# Just lost our puppy girl



## NorthernVizsla (Jan 4, 2015)

I just wanted to post and ask if anyone has heard this before. 

Yesterday our 4 month old girl Meg had to be put to sleep during surgery. We are distraught, she was a healthy young pup. 
It started on Monday morning, she had got up as normal and then came in from the toilet and was sick on the carpet, before she had even had breakfast. It was food from the day before mixed with a little grass but nothing looked out of the ordinary. The rest of Monday she was fine, we did 3 smaller walks and she was bouncy and happy. She ate some food around 5.30pm and then settled for the night as usual. On Tuesday morning when came down she had been sick in her crate, but it was a very small amount and was food/grass again, i presumed she had eaten something on our long walk back on Sunday and it was coming out of her system. She drank some water on Tuesday but didn't eat, i wasn't too concerned as she didn't have a huge appetite anyway so even two meals a day was push sometimes. 
The rest of Tuesday she was ok, quiet, but no more sick or loose bowels, she moved round , slowly but wasn't passed out she just slept a little more than usual. She was a very vocal viz and she did not whine or yelp or make any noise if she was moved during this time. 
She had no swelling and her gums were a nice pink colour. On Wednesday morning we got up expecting her to be back to normal but she looked incredibly sad in the crate, also she had a very strange inflamed nose which must have come up in the night. I called the vet and took her down early morning, he felt her stomach etc and there was no swelling, he thought there may be a blockage from something small she had swallowed. 
He put her on a drip, antibiotics etc and planned to x-ray and ultrasound. I received a call in the afternoon to say he had done both and there was an unusual area on the scan around her bowels and that she was being prepped for surgery immediately as he thought there was a blockage in her intestines. 
I then had a call from the other vet assisting to say they had opened up and he intestines were 'oozing' she had not seen anything like that for many years. They were planning to try and remove what they could which would give her a good chance. However less than 15 minutes later she called again to say that they would have to remove at least 30cm of bowel and obviously it was not best to carry on and put Meg through that given she may not recover and pass away in pain later on. 
The assisting vet said that the bowel looked unhealthy and that as they were operating things were changing and deteriorating before their eyes. 
She passed away at 5pm, less than an hour of surgery starting. I had to tell my 3 children that our Meg was not coming home and i could not tell them why. 
I have been in today and the vet said that until the results come back from pathology he can only conclude that she had a spontaneous clot and this had cut the blood supply off rapidly. The only way of possibly saving her would have been performing surgery Monday morning, although there was no evidence that anything this serious was going on. 

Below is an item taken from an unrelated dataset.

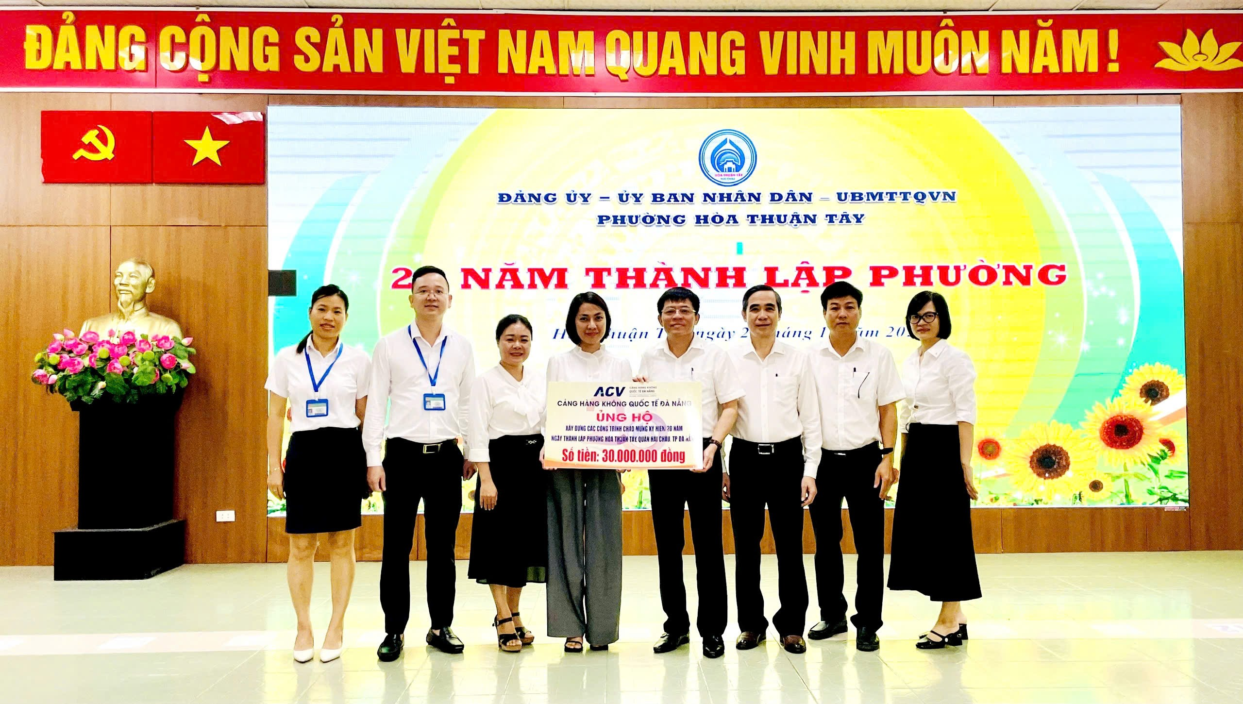 Hưởng ứng thư kêu gọi của Ủy ban mặt trận tổ quốc Việt Nam phường Hòa Thuận Tây về việc chung tay xây dựng công trình chào mừng kỷ niệm 20 năm ngày thành lập phường, sáng ngày 28/10/2024, đoàn cán bộ Cảng hàng không quốc tế Đà Nẵng do ông Tô Ngọc Hải – Phó giám đốc, Chủ tịch công đoàn làm trưởng đoàn đã đến trụ sở phường Hoà Thuận Tây trao ủng hộ 30.000.000đ (Ba mươi triệu đồng chẵn./.) để góp phần chung tay xây dựng công trình chào mừng kỷ niệm 20 năm ngày thành lập phường.

I will not be at peace until i know what has happened. I am so beside myself that we did not get to say goodbye, we presumed , as did the vet we would be picking her up this morning. 

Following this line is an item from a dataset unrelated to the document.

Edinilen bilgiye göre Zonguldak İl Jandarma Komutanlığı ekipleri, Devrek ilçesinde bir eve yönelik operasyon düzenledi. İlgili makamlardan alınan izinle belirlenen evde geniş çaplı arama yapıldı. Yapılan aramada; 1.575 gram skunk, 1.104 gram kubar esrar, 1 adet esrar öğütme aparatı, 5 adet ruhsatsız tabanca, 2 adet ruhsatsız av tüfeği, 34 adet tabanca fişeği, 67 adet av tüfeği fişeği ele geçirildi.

Anyway i just needed to put it out there. I don't think we will ever have an answer we will be happy with. 

She will be cremated and we will scatter her in some beautiful woods near where we live. 

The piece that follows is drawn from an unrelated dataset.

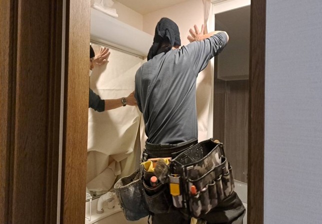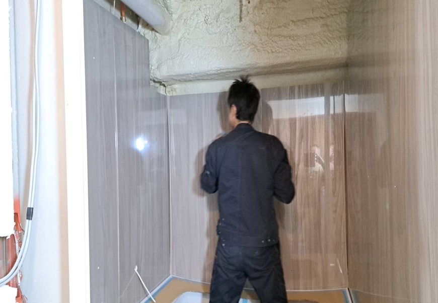 ユニットバスの解体・組立、ユニットバス入口四方枠の取り付け、壁ボードの補修をしていきます。

I feel like this is so unfair, she had only just begun her life and we have lost our much loved snuggly girl.


----------



## riley455 (Aug 27, 2011)

I am so sorry for your loss. Hope you find what caused this.


----------



## mommaofalot (Apr 10, 2014)

Sorry for your loss. :'( And please if you need to talk or vent or whatever remember this community will be here for you.


----------



## texasred (Jan 29, 2012)

I'm so sorry for your family's loss.
Losing a puppy leaves so many hopes, and dreams unfulfilled, and makes my heart go out to you.


----------



## harrigab (Aug 21, 2011)

So sorry to hear this NorthernVizsla. I hope you find some results that can give you closure


----------



## Canadian Expy (Feb 27, 2013)

So very sorry for the loss of your sweet Meg. :'( Such a terribly sad situation. I would have done the same as you with those symptoms. I hope that you are able to get some answers to help you and your family get some closure.


----------



## mswhipple (Mar 7, 2011)

NorthernVizsla, please accept my sincere condolences on the loss of your sweet Meg. It's a terrible tragedy to lose her so young, and my heart aches for you. :'(


----------



## Ksana (Mar 30, 2013)

My thoughts are with you, NorthernVizsla. RIP angel girl Meg!


----------



## shongalola (Jan 17, 2015)

So sorry for your loss. This is so sad. I hope you find the answers you need.


----------



## jld640 (Sep 29, 2010)

You and your family have my deepest sympathies. So sorry for your loss.


----------



## redbirddog (Apr 23, 2010)

Sorry for your family's loss.

I hope the book and the post by a vet below helps ease the pain.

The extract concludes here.